Fossil fuel companies must spend tens of billions of dollars to reduce methane emissions from their operations, or it will be almost impossible to meet global climate targets, the International Energy Agency (IEA) has warned. The US is now the biggest source of methane emissions from oil and gas extraction, while China leads in emissions from coal mining, and Russia remains a major emitter due to poorly run operations.
Leaks from coalmines and oil and gas wells are the largest sources of methane, a potent greenhouse gas responsible for about 30% of temperature increases to date. According to IEA data published on Wednesday, around 170 billion cubic metres of methane were emitted from fossil fuel operations globally last year, exceeding the entire natural gas production of Qatar.

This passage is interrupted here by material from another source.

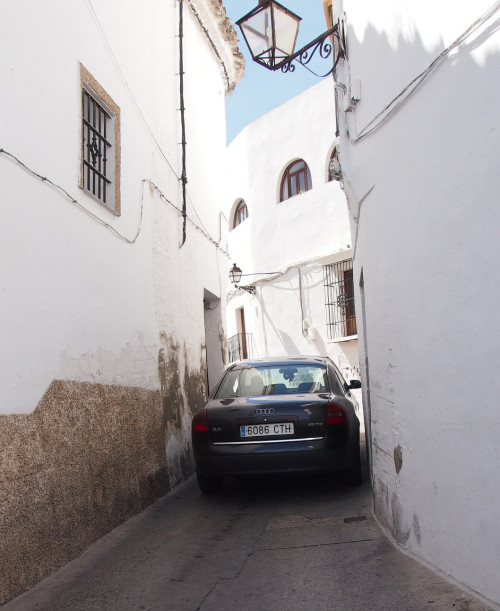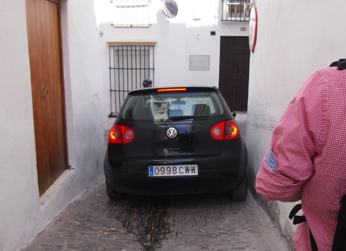 Saan juuri ja juuri survottua auton toivottuun aivan liian pieneen ruutuun. Sitten nostamme tavarat sisÀÀn, jonka jÀlkeen hotellivirkailija ilmoittaa, ettÀ nyt voimme viedÀ auton lÀheiseen parkkihalliin. KyllÀ. Juuri. Siihen. Samaan. Halliin. Espanja. Arvasin tÀmÀn ja juuri sen takia kysyin asiasta etukÀteen, jotta sekÀ hotelli ettÀ me pÀÀsisimme helpommalla ja bonuksena saisimme 15 minuuttia pidemmÀn illallisen. Ilmeisesti pyyntö oli kuitenkin heille toisesta ulottuvuudesta. KyllÀhÀn parkkihalliin matkaa oli ainakin 200 metriÀ. Nopeasti ajateltuna sitÀ kuvittelisi, ettÀ hotelleissa osattaisiin tÀyttÀÀ asiakkaiden toiveita, mutta toisaalta alan epÀillÀ, ettÀ espanjalaiset oppivat jo Àidinmaidosta: sivuparkin. Ahdas Al-Andalus.

The IEA estimates that $170 billion would be needed to reduce global methane emissions by 75%, with $100 billion required for oil and gas and $70 billion for coal. This spending would be equivalent to about 5% of the profits fossil fuel companies made last year. Many leaks could be easily fixed if best practices from countries like Norway were adopted worldwide.
Despite a pledge from over 200 countries to act on methane, emissions remain near the record high set in 2019. The IEA's Global Methane Tracker found that real-world emissions are far higher than reported. However, better satellite monitoring, including a new system from the Environmental Defense Fund, offers hope for improved detection and action.
Paul Bledsoe, a former climate adviser, urged the US to commit to near-zero methane emissions by the end of the decade. Tim Gould, IEA co-author, noted that the upcoming Cop29 summit in Azerbaijan could spur stronger action, as it will take place in a major oil and gas producer.